Son sourire est invincible mais sa vie semble impossible. Hélène écrit pour La ruche qui dit oui, pour des sites d’information alternatifs ou la presse traditionnelle ; elle publie des guides aussi différents que « Les arbres remarquables d’Isère » ou « Belle et bio à Paris » ; elle gère sa propre Ruche, l’une des premières et des plus grandes de France ; elle a trois enfants ; elle élève un chat. Quand on y pense on perd haleine. Pas elle.

24 commentaires à “Fraises d’Espagne, on arrête le massacre ?”

  1. momo dit :

    malheuresement tout pour le profit ou sont donc les reglementations europeeenes on s’en branle sans parler des conditions de ces pauvres etrangers qui finiront par le payer de leur sante comme au guatemala dans les fermes de bananes quant aux consomateurs eh bien leur argent est plus important que la sante.

  2. Dragon dit :

    C’est bien sur abjecte tout ça!
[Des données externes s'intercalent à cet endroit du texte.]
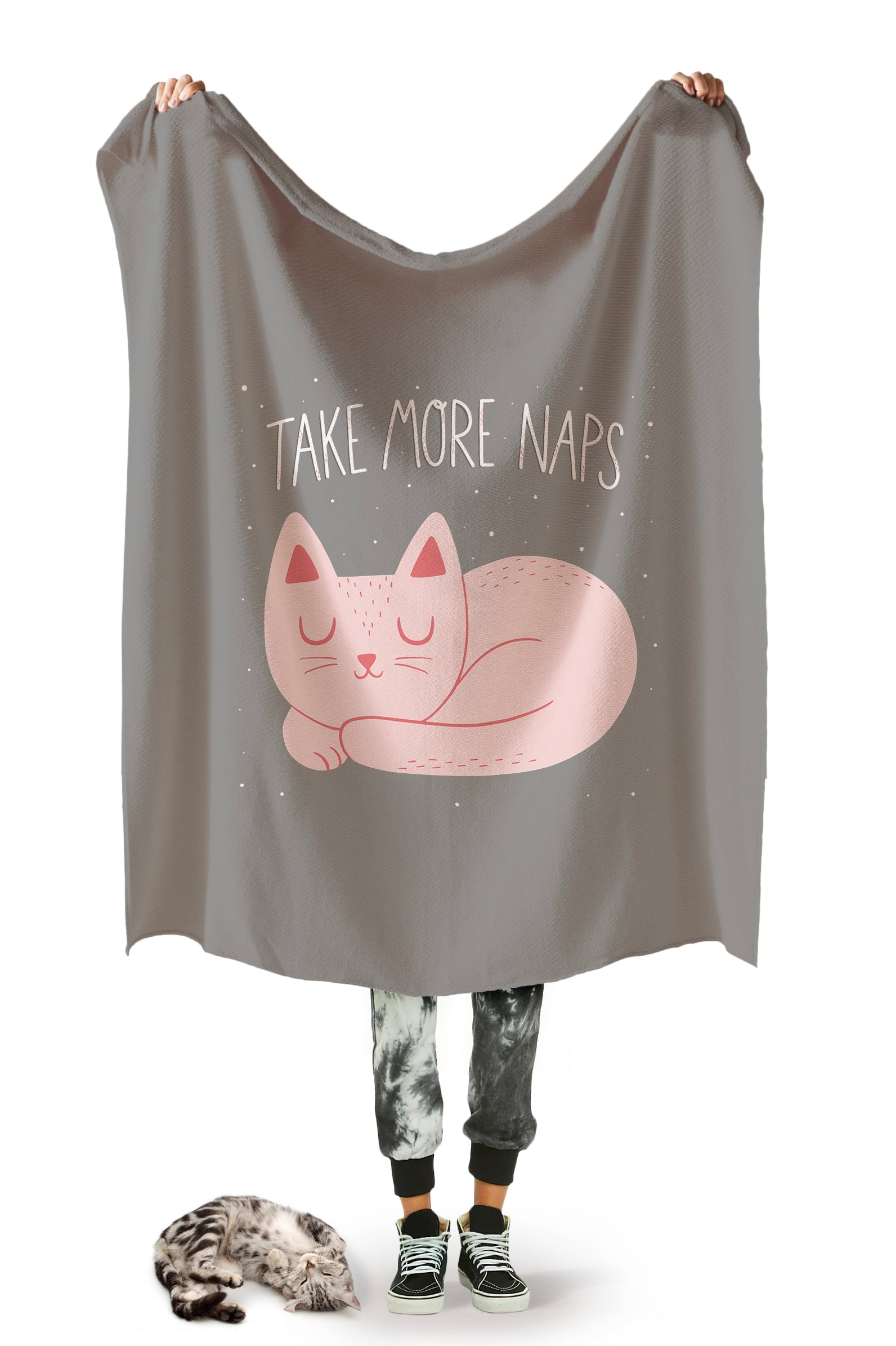 Ready for the ultimate nap experience? Look no further than the Take More Naps Sherpa Blanket! This cat print throw blanket features a pastel pink kitty curled up for a catnap and a whimsical text that reads, “Take More Naps.” Because here at Meowingtons, we know we have a lot to learn from our feline counterparts; including the need for more naps! The front of each blanket is made from 100% Polyester, and the reverse is lined with soft-to-the-touch, vegan Sherpa fleece for extra cozy comfort.

Mais, nous avons le pouvoir! Le Pouvoir de dire NON, de refuser d’acheter ce pseudos fruits toxiques pour notre santé et pour celle des gens qui travaillent dans ces plantations. Ici, en Suisse, j’ai la chance de cueillir mes fraises moi-même. Soit directement chez le cultivateur, soit dans mon propre jardin (quand j’en ai), soit directement dans la nature!
    Oui, j’entend déjà certaines personnes me dire à quel point c’est dangereux à cause de l’urine de renards!Comme si les renards s’amusaient à pisser uniquement sur les plants de fraises. Il faut savoir une chose, ça n’est pas l’urine de renard qui transmet certaines maladies, mais se sont ses selles. Depuis le temps que je mange des fraises directement durant mes balades je me porte comme un charme!
    Il est inutile de se lamenter sur ces fraises espagnole, il suffit juste de ne pas les acheter et d’attendre tranquillement que les fraises de vos jardins soient mures pour vous régaler! 🙂

    • Dom dit :

      Très bien répondu, si on arrête d’en acheter, ils arrêterons d’en produire tout simplement.

    • Poissenot dit :

      Bien vu Dragon, La seule réponse à toute cette pollution : Ne pas acheter ces fraises espagnoles !!!

    • daniele dit :

      oui vous avez raison , j’essaie de ne plus en acheter mais malheureusement ce n’est pas facile quand elles envahissent les étales à coup de promotions mais surtout j’ai bien essayé d’acheter français mais 3,49 € 250gr de fraises au lieu de 1,99 € les 500 grs , c’est pas à la portée de toutes les bourses !! je n’ai malheureusement pas de jardin et pas de champs de fraises à ramasser près de chez moi !
      si les cultivateurs français n’avaient pas autant de charges et vendaient moins chers on pourrait acheter nos produits .
      c’est l’éternel problème !!
      cordialement

      • criss dit :

        tu peux aussi ne pas en manger, comme moi.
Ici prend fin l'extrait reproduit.